Every foot I swam revealed more and more to see. If I just stayed still and floated I would see the whole reef come to life below me. It was during one of these floats that I noticed the reef coming closer and closer, I was floating into a very shallow place that was sort of like a “bowl” of coral. I am very careful about never touching the reef and I started to get a bit panicked as I as I had lost direction and could not figure out how to move away without touching anything. As I did this my upper thigh hit a piece of coral, scraping my skin and stinging. I took a breath and my snorkel filled with water and then I realized that I needed to calm down. I turned on my back to float, breathe and think. After I calmed down I called out to our boat captain and told him that I needed to know which way to swim. He had been watching me and when he pointed I followed his direction and was out of there. I swam in to the bay to take a few minutes and catch my breath and thought floating above some sea grass to spot turtles might be the best thing for me at that point.
After a few minutes the group was coming in for lunch so I swam toward the boat and saw hubby coming from the other side of the bay. He was moving pretty fast, so I just thought he was hungry. As I get closer his head pops up and says – look behind him. I pop my mask in the water and there was a huge 4 foot long fish following him! I turned and asked our captain what kind of fish is that? He laughed and said- “That’s Tim – the barracuda”. I looked again and decided to climb in to the boat and encourage hubby to do the same. At that same time the couple we met on the boat swam up and were able to get a picture of “Tim” which is at the top of this post. Our captain explained that barracuda are very curious and he has only seen a barracuda hurt someone one time in the six years he has lived on island. That was when a guy put his finger to the fishes lips and tried to have the fish make “raspberries”. The guy lost his finger. We had no trouble with “Tim” and hubby seemed to make a new friend. It was a little nerve wrecking – but cool none the less. We ate lunch, watched for Tim and then had another brief snorkel before moving on to our last stop of the day – Flanagan Island.

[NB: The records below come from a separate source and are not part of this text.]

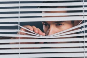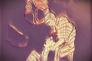Una volta varcata la porta di ingresso, la sagoma buia di Ezio, vista in controluce, in fondo al corridoio, appare gigantesca.
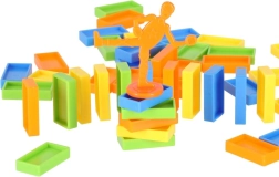 Set vsebuje: barvito lokomotivo, dozirnik ploščic, 80 kosov domina in plastični kaktus kot oviro.
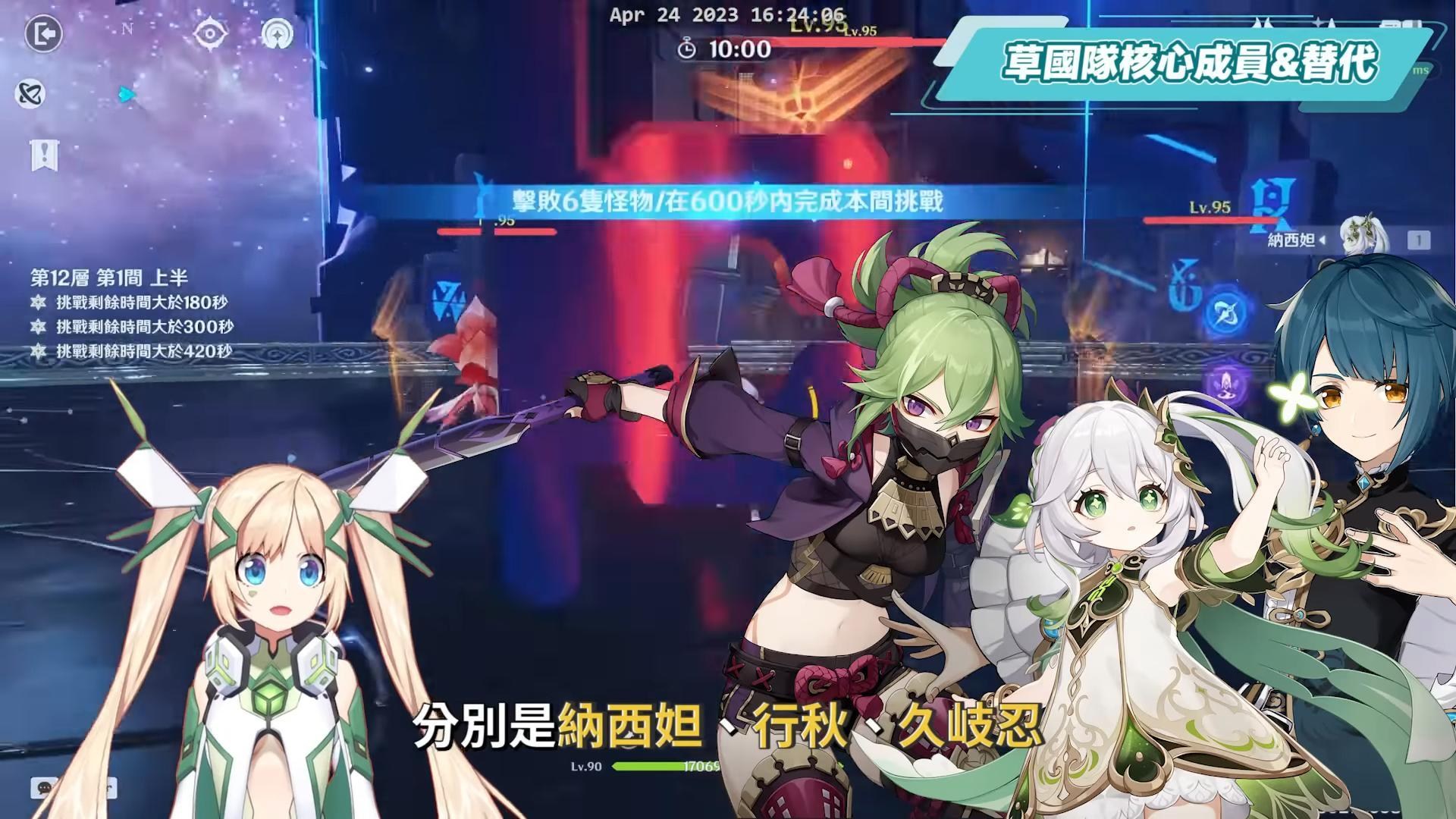 在先前的國家隊成員介紹影片中,主要為班尼特、行秋、香菱與重雲的組合,並且在之後將重雲的位置又替換了萬葉、砂糖與雷電將軍,變成後續熱門的萬葉國家、砂糖國家,以及到現在依然使用率極高的雷神國家隊,那草國隊的成員又是哪些呢?這邊主要會有三名核心成員,分別是納西妲、行秋、久岐忍,也是要玩草國隊的肉肉們要先記得的三個重點人物。這三名角色在場上的同時,可以穩定產生激化、蔓激化、超激化、綻放、超綻放、感電等多種反應傷害,同時超綻放的種子會自動鎖敵攻擊,草神的蘊種印可以一次掃描多名敵人鎖定,能對單又能對群,又因為以劇變反應為主,因此元素精通這項數值也相對重要。草國隊除了比較難應付高草抗的敵人,像是翠翎恐蕈、需要岩元素破弱點機制的黃金王獸、或是會吸收草元素提升抗性的遺跡龍獸,大致上的深淵陣容都算能過,但也因為草國隊還有第四個位置可以靈活變換,因此只要前面的「納行久」傷害夠,例如遇到翠翎恐蕈就帶水或雷的高傷主C、黃金王獸就帶一個凝光、遺跡龍獸可以帶遠程弓箭角破弱點使其癱瘓等,因此也等同於是納行久帶狗的玩法了。
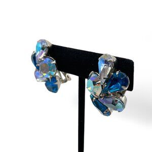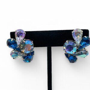 This set of clip-on earrings is a rare find! Each large earring is set in silver tone. A round AB rhinestone is surrounded by 4 teardrop AB stones in varying shades of blue.
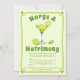 Carton d'invitation pour une fête de mariage avec cocktail Margs & Matrimony et motifs à rayures. Cette invitation moderne présente une charmante illustration d'un verre à cocktail margarita orné de tranches de citron vert, capturant parfaitement l'esprit d'une fête de mariage amusante. Le fond présente un motif vibrant à rayures vertes et blanches qui ajoute une touche rafraîchissante, évoquant des sentiments de chaleur et de joie. L'invitation est entourée d'une bordure fantaisiste verte citron gribouillée, ornée de cœurs ludiques, qui ajoute une touche romantique au design global. Cette invitation n'est pas seulement un élément de papeterie ; c'est une invitation à une célébration sincère de l'amour et de l'amitié, qui donne le ton à un événement inoubliable.
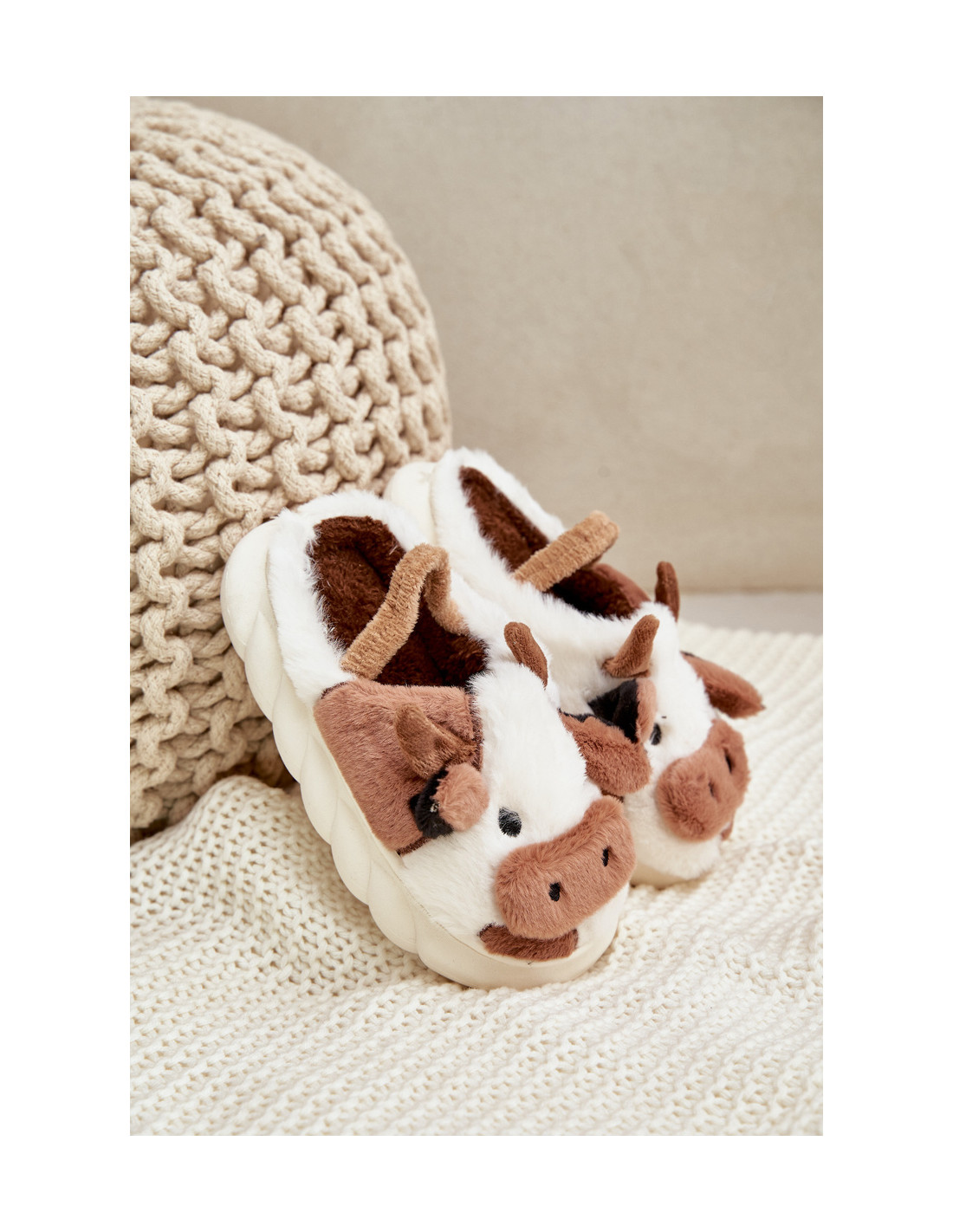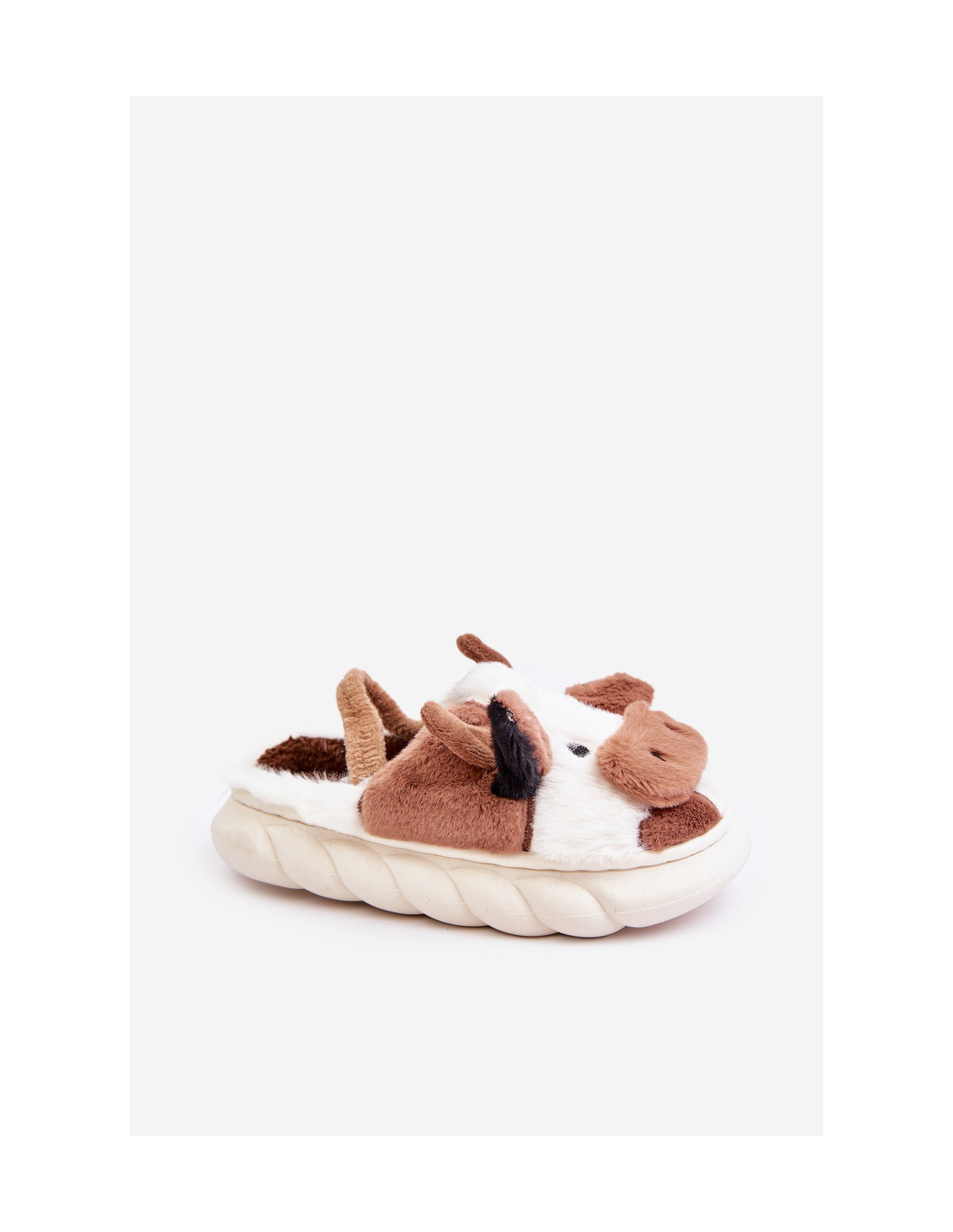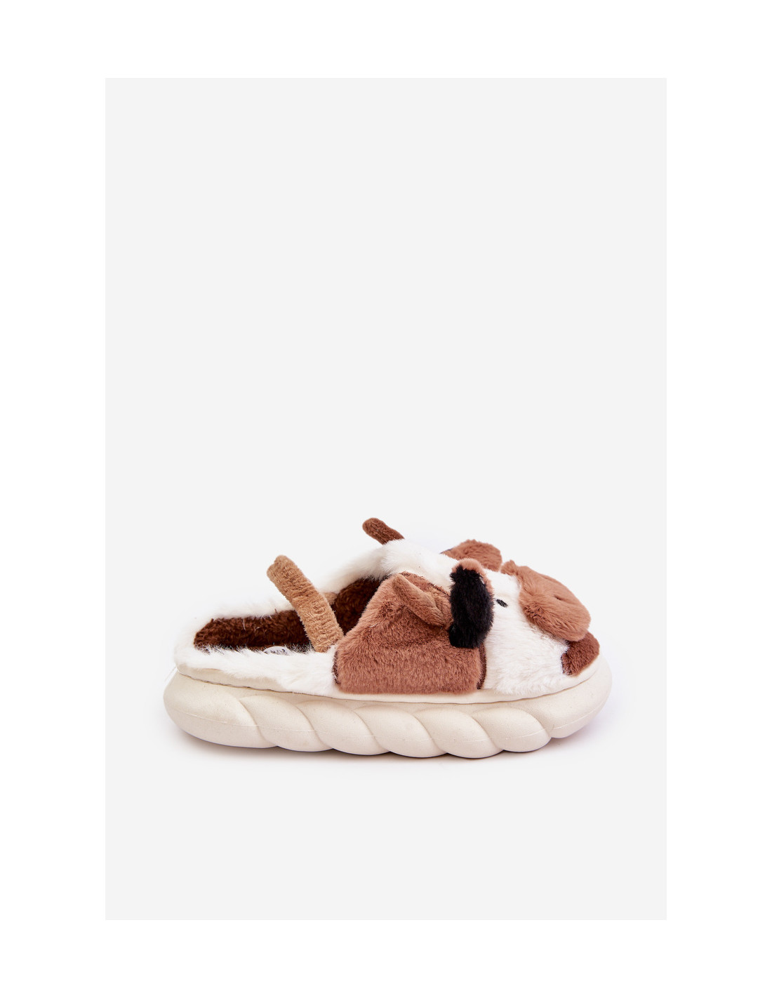 Vaikiškos pūkuotos šlepetės su karvės raštu rudos spalvos Tamorrin
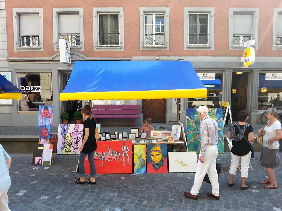 Am 6.6 fand zum siebten Mal in Langenthal der Künstlermärit statt. An einem Marktstand kann das eigene Kunstwerk verkauft und ausgestellt werden.

We started our day at a remote water destination and ended the day the same way. We pulled into Flanagan and anchored the boat, the captain explained where some of the better underwater sights would be and off we went. This was a special and awesome experience too – the coral was colorful, the fish were plentiful and there were some pieces of coral that almost looked like boulders of coral that had dropped from the sky, round, full and shaped like huge bowling balls. Wishing we could stay and knowing that an entire day could be spent here without seeing everything we climbed back in to the boat after about an hour. What an amazing day! We returned to the dock feeling like we had accomplished our goal of snorkeling at sites we would have never been able to see off the beach or by hiking to the spot.
I truly believe that finding a “local” to show and tell is still the best way to see a new place. The young man that runs this tour does it just one day a week. He is kind, knowledgeable, patient and building great memories for his passengers. Talk to the locals, ask good questions and most importantly make friends.